== RECORDED INFORMATION ==
[Start of Attachment]

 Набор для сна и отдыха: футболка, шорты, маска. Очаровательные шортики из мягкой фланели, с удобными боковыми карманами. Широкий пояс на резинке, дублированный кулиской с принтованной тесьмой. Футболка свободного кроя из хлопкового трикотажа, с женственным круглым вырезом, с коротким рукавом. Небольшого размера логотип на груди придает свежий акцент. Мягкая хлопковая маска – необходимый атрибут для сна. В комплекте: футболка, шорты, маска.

[End of Attachment]
[Start of Attachment]

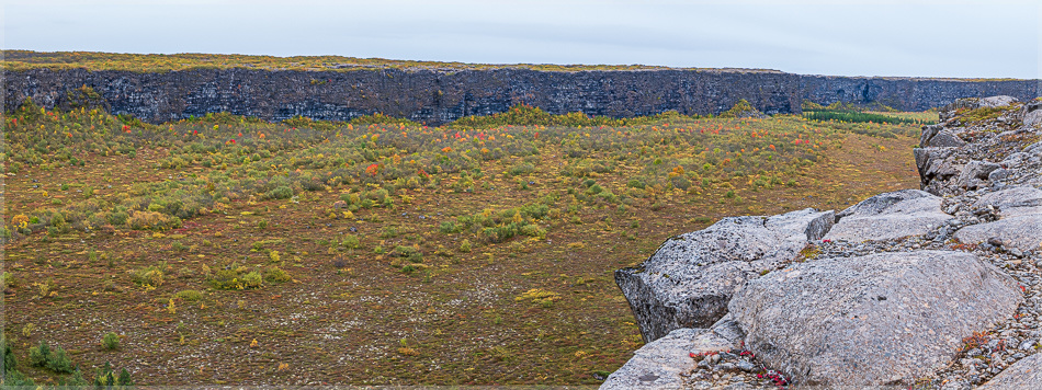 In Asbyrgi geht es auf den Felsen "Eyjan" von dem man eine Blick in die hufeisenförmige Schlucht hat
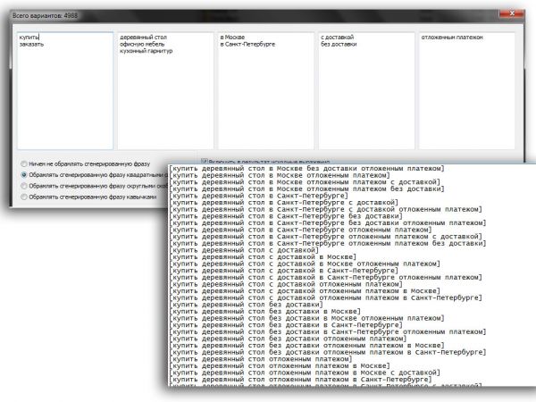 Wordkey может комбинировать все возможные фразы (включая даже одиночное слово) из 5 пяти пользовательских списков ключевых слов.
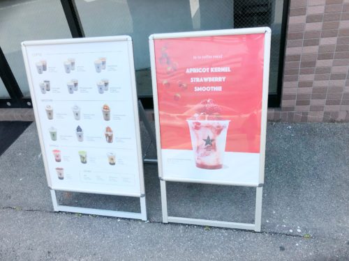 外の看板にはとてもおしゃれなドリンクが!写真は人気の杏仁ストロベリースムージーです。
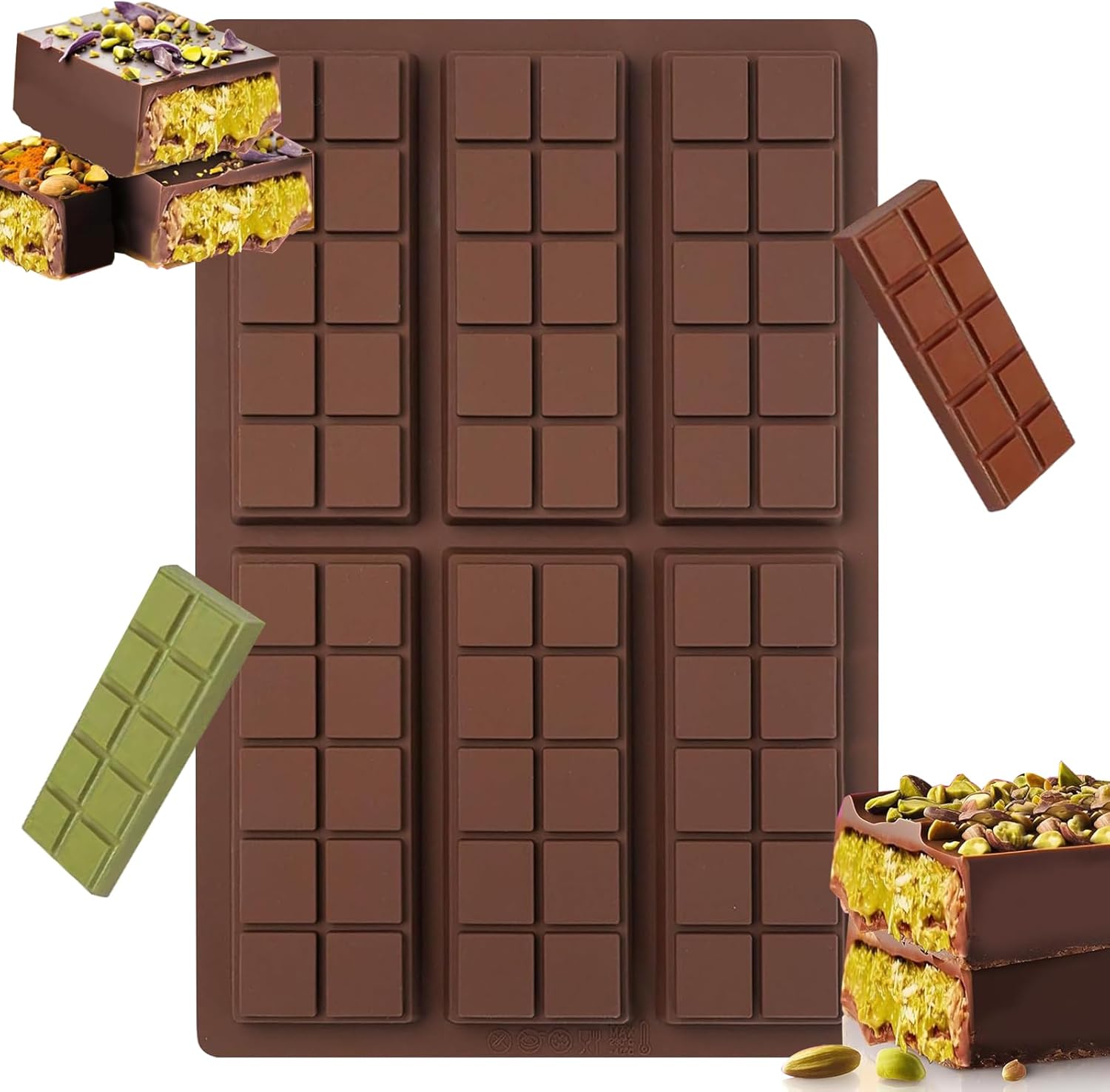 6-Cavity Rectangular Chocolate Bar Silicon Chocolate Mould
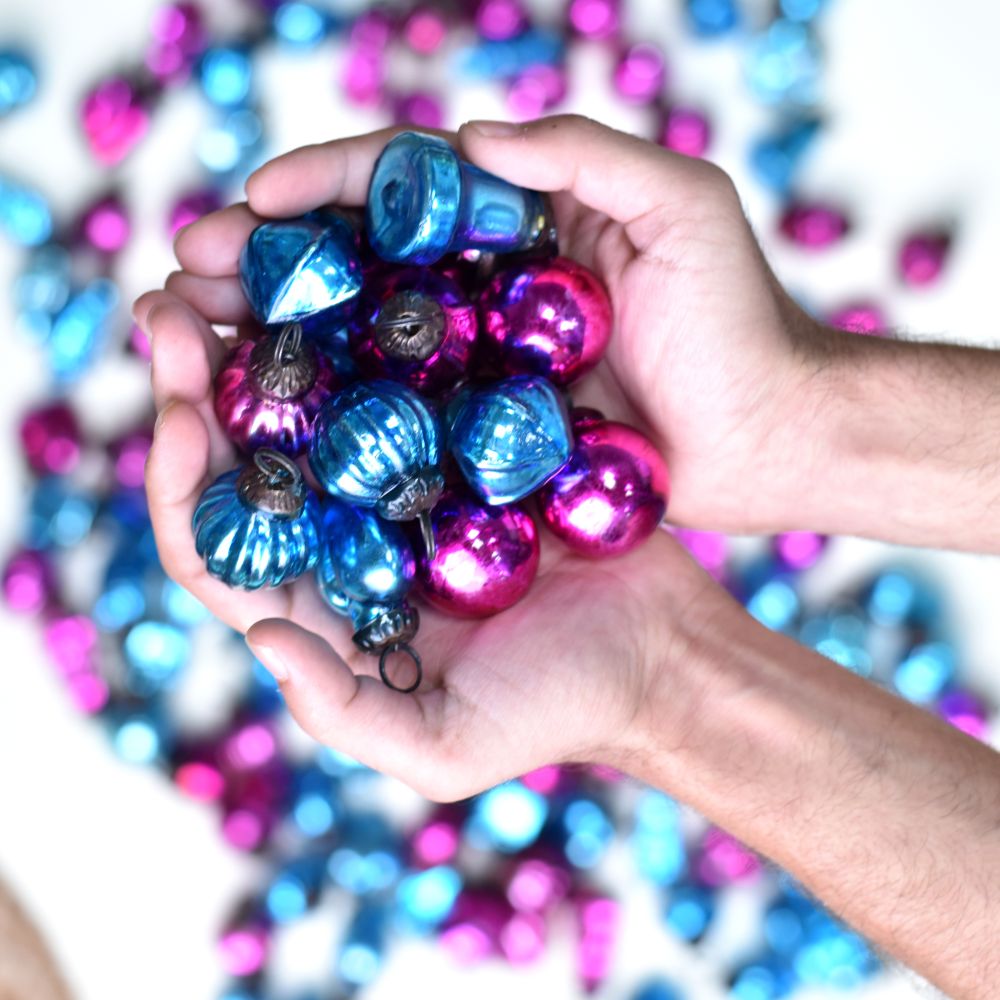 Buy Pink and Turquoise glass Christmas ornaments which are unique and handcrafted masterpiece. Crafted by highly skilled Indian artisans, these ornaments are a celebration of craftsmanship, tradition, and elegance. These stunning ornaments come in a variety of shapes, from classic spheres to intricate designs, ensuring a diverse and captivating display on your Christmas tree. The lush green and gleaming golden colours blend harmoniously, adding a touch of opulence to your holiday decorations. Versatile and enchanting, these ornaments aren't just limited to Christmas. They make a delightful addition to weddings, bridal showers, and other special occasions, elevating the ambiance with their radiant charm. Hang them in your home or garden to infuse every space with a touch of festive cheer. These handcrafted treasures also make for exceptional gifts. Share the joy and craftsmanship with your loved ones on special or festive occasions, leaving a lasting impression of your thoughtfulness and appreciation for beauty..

[End of Attachment]

== HOW TO COMPLETE THIS TASK ==
Repeat, without pictures, exactly the lines of the data above from the one containing "外の看板にはとてもおしゃれな" through the one containing "6-Cavity Rectangular Chocolate", including both and adding nothing.

== WRITTEN ANSWER ==
 外の看板にはとてもおしゃれなドリンクが!写真は人気の杏仁ストロベリースムージーです。
 6-Cavity Rectangular Chocolate Bar Silicon Chocolate Mould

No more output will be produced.